# Very good inexpensive 12" disc sander on sale



## rsmith71

Good Sander. I picked it up several weeks ago for my shop and have been impressed with it. Plenty of power and although the table could be smoother, it feels pretty sturdy. Easy to get square to the disc also.


----------



## Abbott

I almost bought one myself a few months ago, they sure look like a good value. Instead I was able to find a used 220 volt 2 horse 12" disk sander on CL for $50.00. If that 220 unit hadn't happened along I would be owning the above HF sander.


----------



## dbhost

Looks like a good sander, Not sure how often I would use a disk sander though….


----------



## rsmith71

This is one of those tools that before you get it you wonder if you really need it or would use it much. Then you get it and find yourself using it a lot more than you thought you would until you get to the point where you wonder how you survived without it.


----------



## helluvawreck

I like that little horizontal belt disc sander that Lowes sells(can;t remember the manufacturer). I look at it it every time I go in there. The price seems pretty good but that looks like a nice little sander too.


----------



## GabrielX

I bought my disc/beltsander at HFT. They have some good deals… Not always the best quality, but great stuff in a pinch.


----------



## Abbott

This is one of those tools that before you get it you wonder if you really need it or would use it much. Then you get it and find yourself using it a lot more than you thought you would until you get to the point where you wonder how you survived without it.
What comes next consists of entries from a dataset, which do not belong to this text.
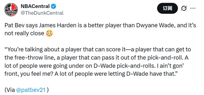 “韦德关键球强不强?绝对强。有时候我们确实见过韦德比哈登更关键、更绝杀的时刻。但要说谁是更好的球员——哈登是比韦德更强的球员。”
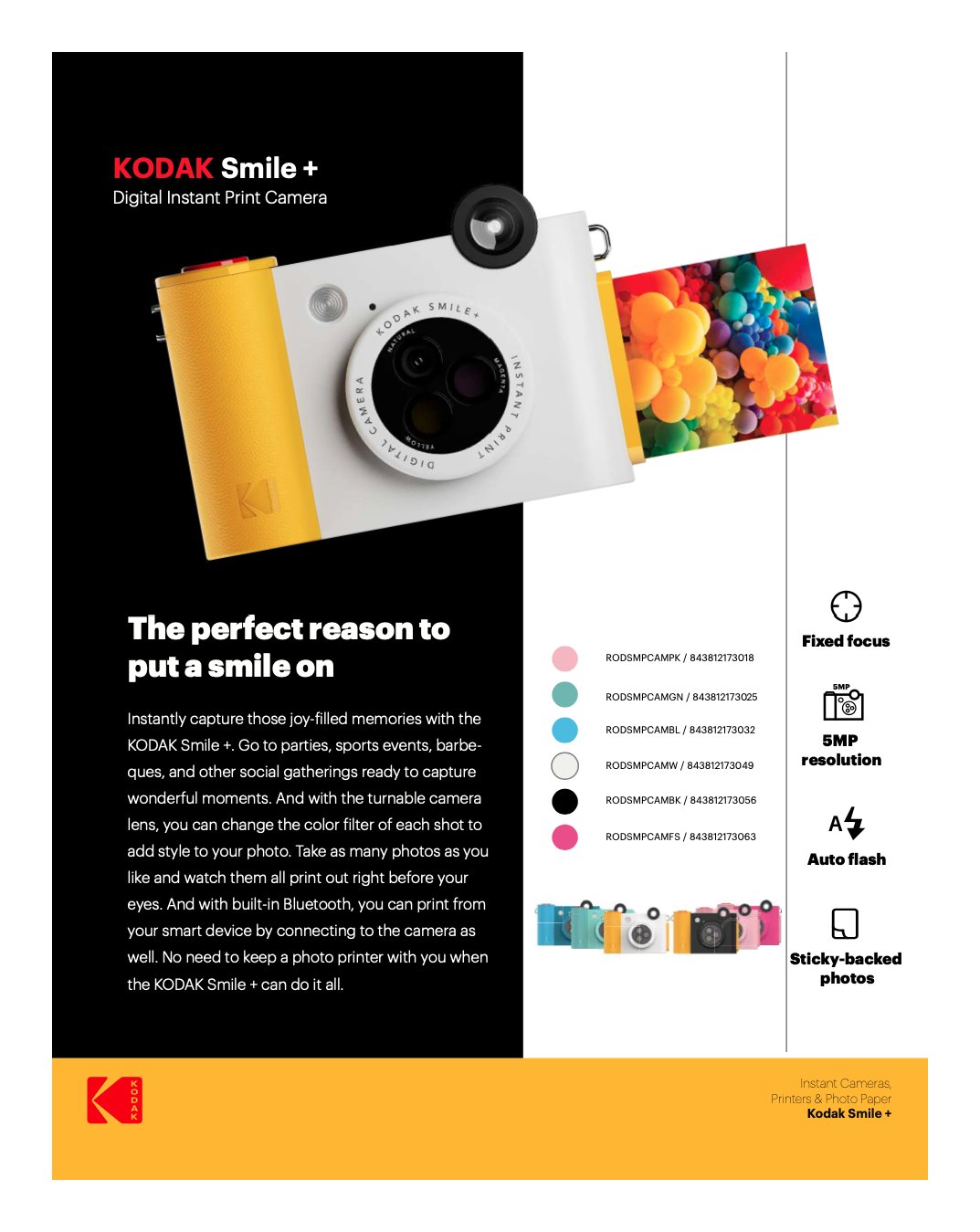 Catturate istantaneamente quei ricordi pieni di gioia con KODAK Smile +. Andate a feste, eventi sportivi, barbeques e altri incontri sociali pronti a catturare momenti meravigliosi. Inoltre, grazie all'obiettivo ruotabile, è possibile cambiare il filtro colore di ogni scatto per aggiungere stile alla foto. Scattate tutte le foto che volete e guardatele stampate davanti ai vostri occhi. Inoltre, grazie al Bluetooth integrato, è possibile stampare dal proprio dispositivo smart collegandolo alla fotocamera. Non c'è bisogno di tenere con sé una stampante fotografica quando KODAK Smile + può fare tutto.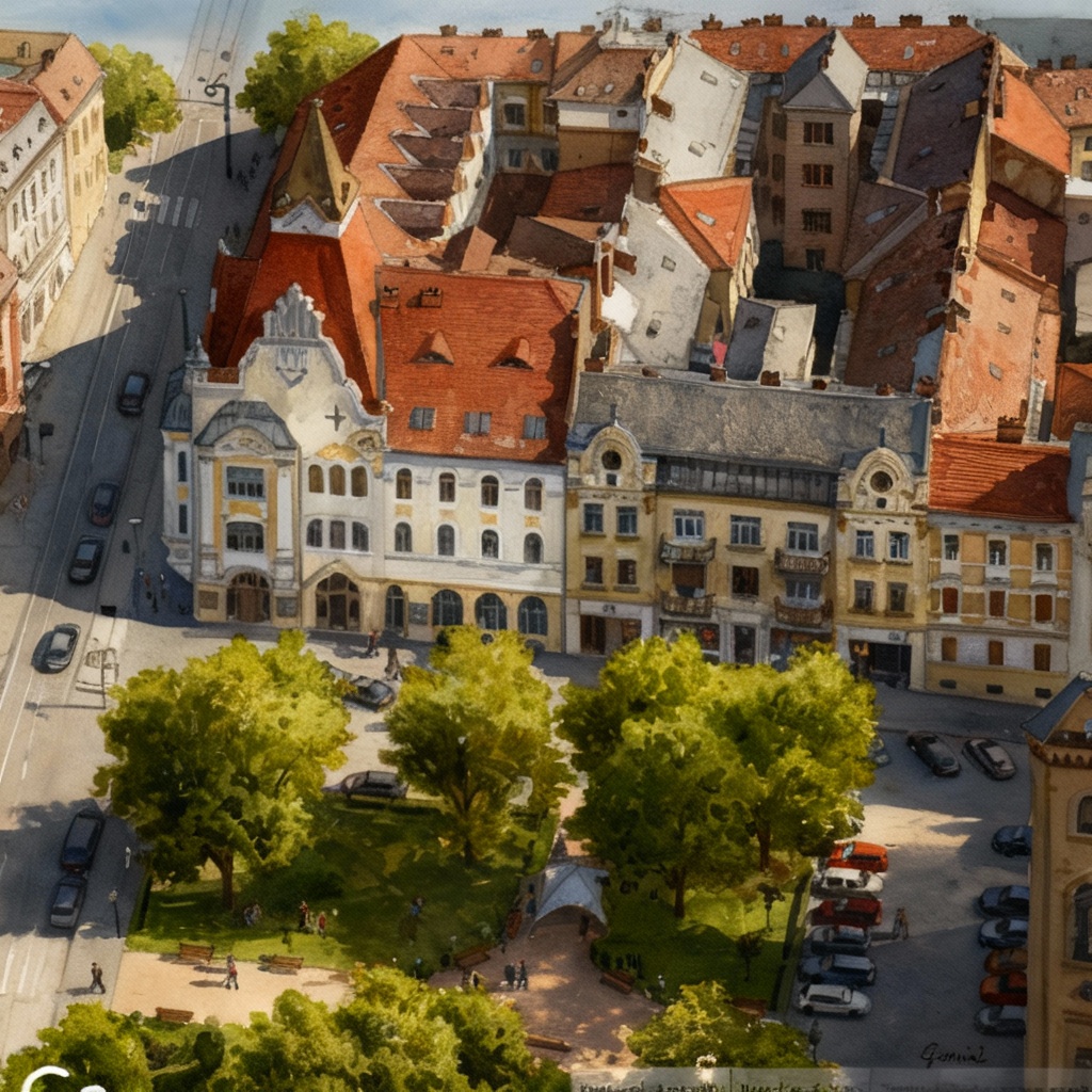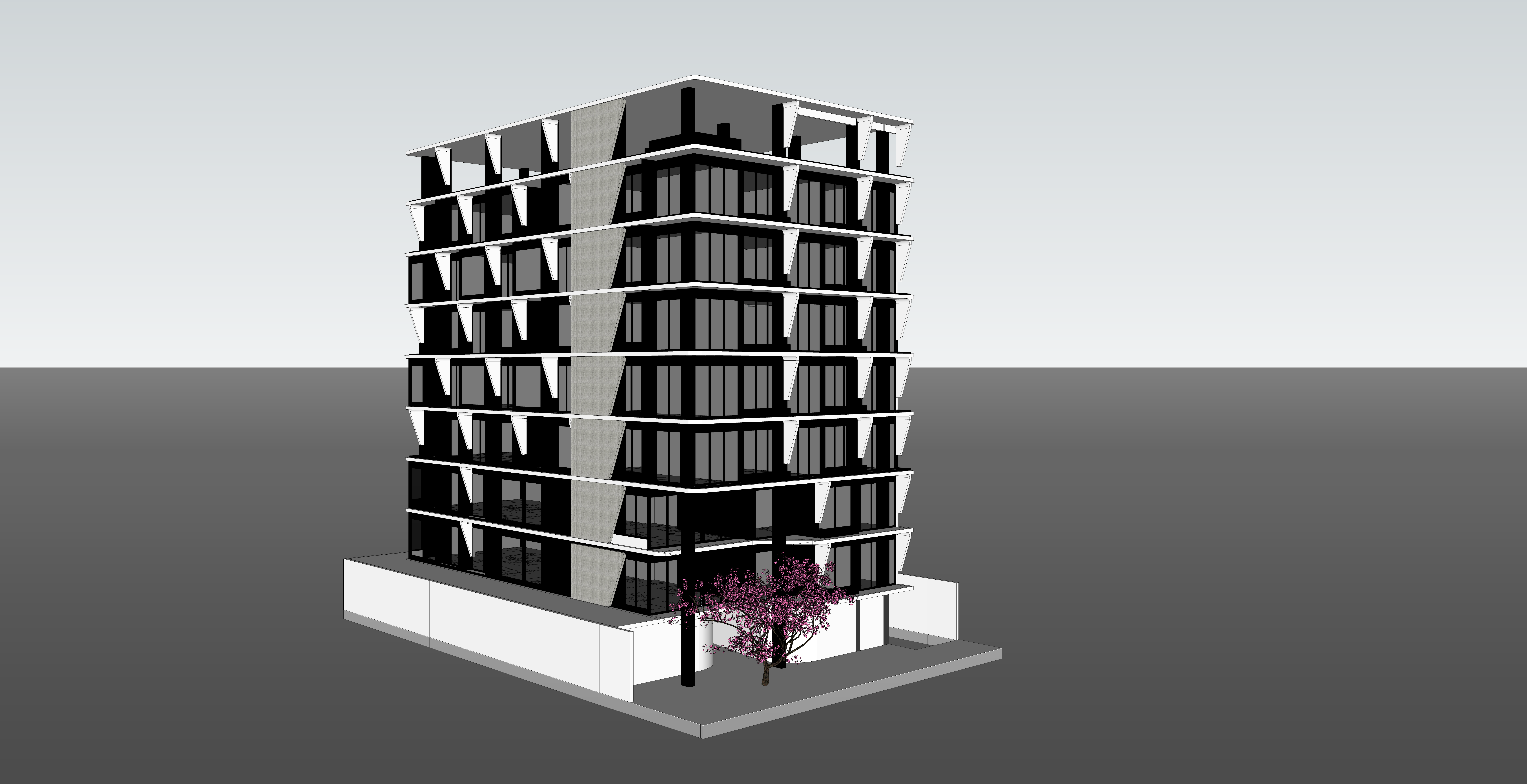 exterior shot modern seven story building with a sleek contemporary design featuring bold geometric shapes the facade is composed of contrasting black and white panels with large glass windows adding elegance and transparency add a touch of natural beauty with a single cherry blossom tree in the foreground its delicate pink flowers providing a vibrant pop of color the atmosphere is serene and sophisticated set against a soft light gray sky that enhances the building s dramatic angles the scene should convey a sense of modern architectural mastery and tranquility architecture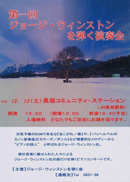 今年の12/13(土)。 山梨県の長坂町で 『第一回ジョージ・ウィンストンを弾く演奏会』 を開催します。 場所 JR中央線 長坂駅前 長坂コミュニティーステーション (確定)。 スタインウェイ・フルコンサートグランドピアノ 使用します。 客席 400 開演午後1時30分、終演午後4時40分を予定してます。 東京から日帰り、もちろん可能です。 参加資格 ジョージ・ウィンストンの曲を弾いて下さること。 ピアノの上手い下手などは全く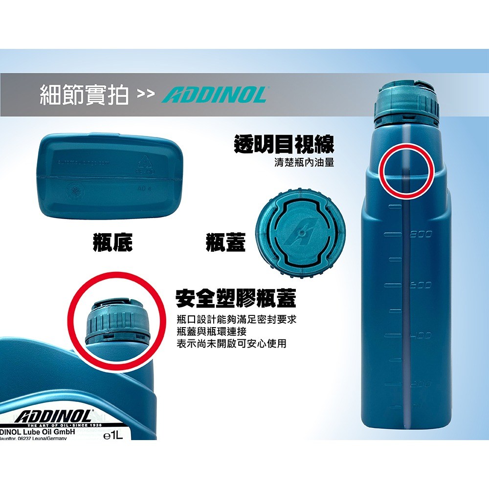 - 採用先進配方,ADDINOL機油有助於提升燃油效率,節省您的油耗開支。

I sure do agree with that statement, My 12" disk sander has become a real "go to" tool.


----------



## Dustmite97

Looks like a good one. It also looks alot like the Craftex one that I have. These sanders are really usefull.


----------



## ScottTShea

I keep seeing this and I keep reading good reviews. I have avoided anything electrical from HF, but I might go ahead and pull the trigger on this one. Thanks for the review!


----------



## ScottTShea

Just an update to my previous post. I pulled the trigger and purchased one of these and I love it. It does exactly what it is supposed to do. It makes a lot of sawdust!
Your review helped with deciding to get this. Thank you for the review, and I am happy with mine!


----------